Like Barry Ritholtz at The Big Picture, I was a little confused yesterday by a section in the press release from the National Association of Realtors announcing May's existing home sales, in which NAR chief economist Lawrence Yun complained that sales were depressed because of "poor appraisals."
Yun said the appraisal problem is serious. "Lenders are using appraisers who may not be familiar with a neighborhood, or who compare traditional homes with distressed and discounted sales," he said. "In the past month, stories of appraisal problems have been snowballing from across the country with many contracts falling through at the last moment. There is danger of a delayed housing market recovery and a further rise in foreclosures if the appraisal problems are not quickly corrected."
Unlike Ritholtz, however, I did not follow up on the point and discover that there is a lobbying campaign currently under way, led by the mortgage brokers and realtors, that aims to roll back recent regulatory changes designed to fix what was clearly a broken appraisal system.
Here's what's going on. As a result of an investigation by New York State Attorney General Andrew Cuomo into a scheme in which Washington Mutual colluded with appraisers to pump up home valuations, Freddie Mac, Fannie Mae, the Federal Housing Finance Agency (FHFA) and Cuomo reached an agreement on a set of mandatory guidelines to ensure appraisal independence --the Home Valuation Code of Conduct. The clear purpose of the HVCC is keep mortgage brokers and appraisers from getting get together and inflating home values.
The HVCC took effect on May 1, 2009 -- and the mortgage brokers immediately started screaming. In written testimony prepared for a Congressional hearing on "Strengthening Oversight and Preventing Fraud in FHA and other HUD Programs," Marc Savitt, president of the National Association of Mortgage Brokers, argued last week that "what the HVCC truly accomplishes is an increase in consumer costs, a decline in appraisal quality, the extension of closing deadlines, and the virtual extinction of local small business appraisers."
Savitt goes on argue that the attempt to cut the financial links between mortgage brokers, realtors and independent appraisers has given "large national lenders and [their Affiliated Management Companies] AMCs a virtual monopoly on the home appraisal process and removes the cost and quality checks and balances that a competitive marketplace provides." Savitt complains that the new rules are already extending the time it takes to close sales and hurting the business of local appraisers.
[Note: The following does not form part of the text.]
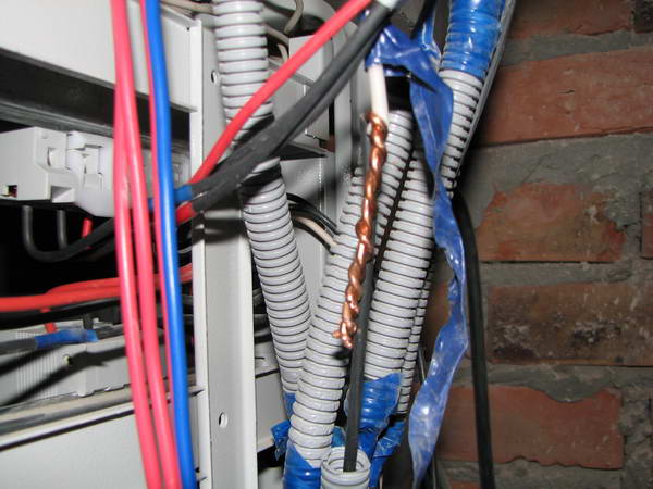 На фото как в одной из новостроек подключены квартиры, включая проводник РЕ, к этажным щитам.
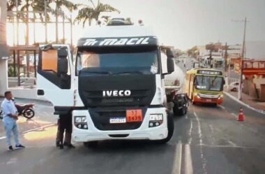 Uma carreta Volvo do tipo Julieta, com dois tanques contendo 40 toneladas de combustíveis, parou parte do trânsito na zona central no início da manhã

It may be that there are some unintended consequences to the new rules that require some tinkering. If there's anything to be learned at first glance from an initial foray into home appraisal regulation it is just how complicated the whole business gets. But in his ten pages of written testimony, Savitt does not once acknowledge the out-of-control appraisal abuse that rampaged throughout the housing boom. Everybody in the real estate business stood to gain from inflated appraisals, and if you didn't deliver, you didn't get any new business.
I'd say it would take a lot of gall to be a mortgage broker and complain about how overly tight regulation was hurting your business right after the most ridiculous mortgage lending spree in human history set the entire global economy up for disaster, but hey, these guys are nothing if not ballsy. Regulation, already, is the problem again. And whatever mistakes were made the last time around -- well, that's ancient history.